18 Kislev 5781‎ | 4 décembre 2020

L’avenir incertain du judaïsme des Hauts-de-France

La réunion des communautés du nord du pays, le 21 janvier à Amiens, a été marquée par la présence de Xavier Bertrand, président de région. Le climat n’était guère à l’optimisme. L’érosion démographique est préoccupante, malgré la résistance de Lille.

 

Le cancérologue Charles Sulman, vice-président du Consistoire central, est aussi à la tête du Consistoire des Hauts-de-France, cette région qui regroupe désormais le Nord-Pas-de-Calais et la Picardie. Le 21 janvier, il réunissait à Amiens (Somme) les responsables des sept communautés locales dont il a la charge, comme il le fait en moyenne deux fois par an. Ces communautés sont celles de Lille, Valenciennes, Amiens – qui bénéficient d’un minyan le chabbat – et de quatre villes où le judaïsme est en net déclin : Lens, Dunkerque, Saint-Quentin et Boulogne-sur-Mer. Sans la Hazac, cette structure qui dépêche de jeunes Juifs issus de grandes synagogues parisiennes ou provinciales là où la vie cultuelle est réduite aux prières de Kippour, au séder de Pessa’h et à quelques offices sporadiques, rien ne serait possible. C’est pourquoi le président du Consistoire central, Joël Mergui, a promis pendant la réunion davantage d’investissement humain de la part de la Hazac pour les Hauts-de-France. Le grand rabbin Haïm Korsia était également présent.

A Lens, la choule devrait être transformée à terme en musée rappelant l’apport des Juifs de la cité minière (près d’un millier avant-guerre) au développement local et la déportation de centaines d’entre eux le 11 septembre 1942. Il est probable que d’autres synagogues connaissent un sort similaire.
Il n’y aurait plus aujourd’hui que huit à neuf cents familles juives dans la région, dont cinq cents à Lille.

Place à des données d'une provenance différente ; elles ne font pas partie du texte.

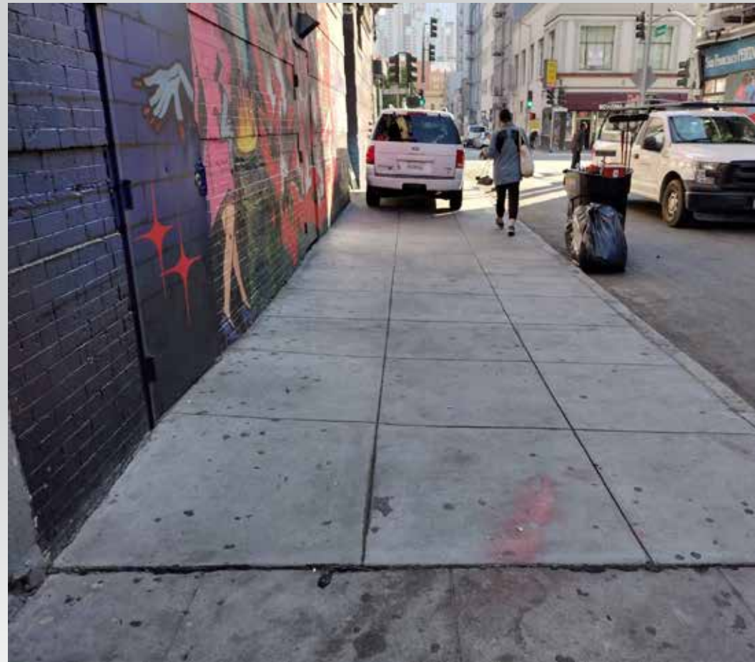
Trash removed 500 block of Jessie Street

Dans la métropole nordiste, Charles Sulman se félicite d’un certain renouveau, malgré l’érosion démographique continue due à l’alya, aux départs pour Paris et globalement à l’envie des jeunes de tenter leur chance ailleurs, comme un peu partout en province. Le président de la communauté, Guy Bensoussan, élu il y a deux ans, se bat aux côtés du rav Elie Dahan, en fonction depuis une trentaine d’années, pour proposer des conférences et activités culturelles visant à réaliser la fameuse « alyah interne » voulue par Joël Mergui et inciter nos coreligionnaires à fréquenter davantage la synagogue. On doit au rav Dahan l’approvisionnement très honorable de la ville en produits casher. Les nombreux étudiants lillois représentent un vivier pour les offices. Les plus pratiquants y retrouvent le chabbat les séfarades et ashkénazes installés ici depuis longtemps. La communauté est née en 1872, quand des Juifs alsaciens et mosellans ont fui leur terre natale pour ne pas devenir allemands après la défaite de Sedan.

La maire UDI d’Amiens, Brigitte Fouré, était dans la salle. Elle a rappelé que la capitale picarde disposait d’une nouvelle synagogue bâtie par le célèbre architecte Paul Chemetov et inaugurée en octobre 2017.

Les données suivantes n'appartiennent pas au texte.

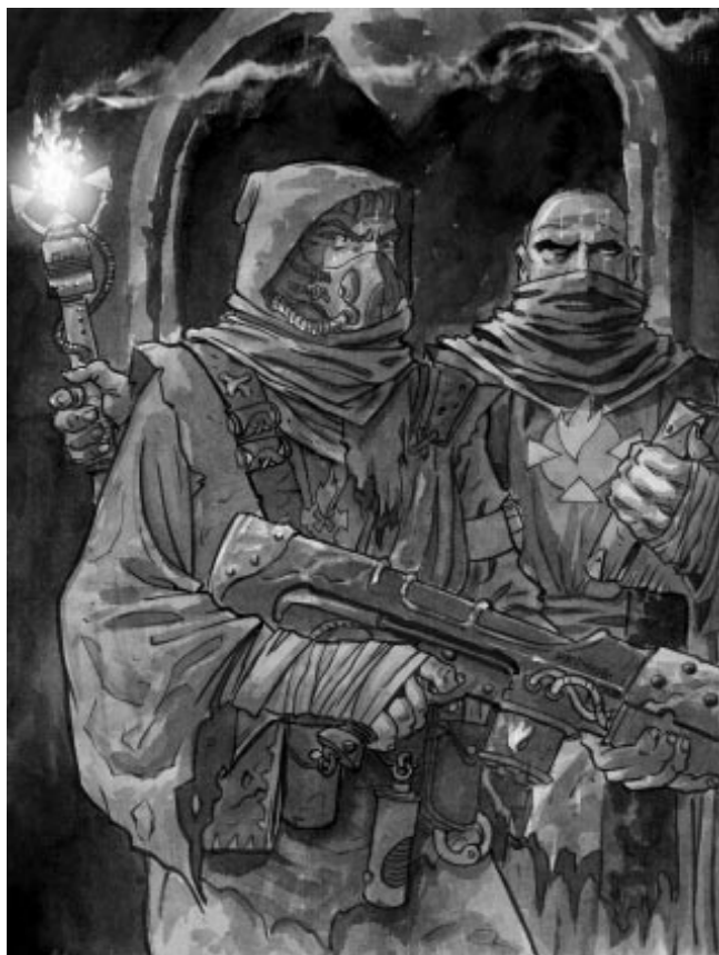
Temple Avesti inquisitors

Temple Avesti: Dreaded inquisitors. The Avestites long ago seized most of the seats on the Inquisitorial Synod, and have since then made it their duty to search the Known Worlds for signs of heresy, demonism and any other threat to the faithful. Their illiteracy, fear of learning and dogmatic adherence to certain extreme scriptures makes them feared and hated throughout Human Space. But they are obeyed

L’ancien ministre Xavier Bertrand, président de la région – qui vient de quitter Les Républicains pour cause de « dérive droitière » du parti -, a lui aussi honoré l’assemblée de sa présence. Il a souhaité que le rabbinat se penche sur les progrès spectaculaires de la technologie numérique et leurs conséquences en matière spirituelle. Il a indiqué en outre que de jeunes doctorants israéliens seraient prochainement accueillis dans les centres de recherche high tech dont les Hauts-de-France s’enorgueillissent à présent.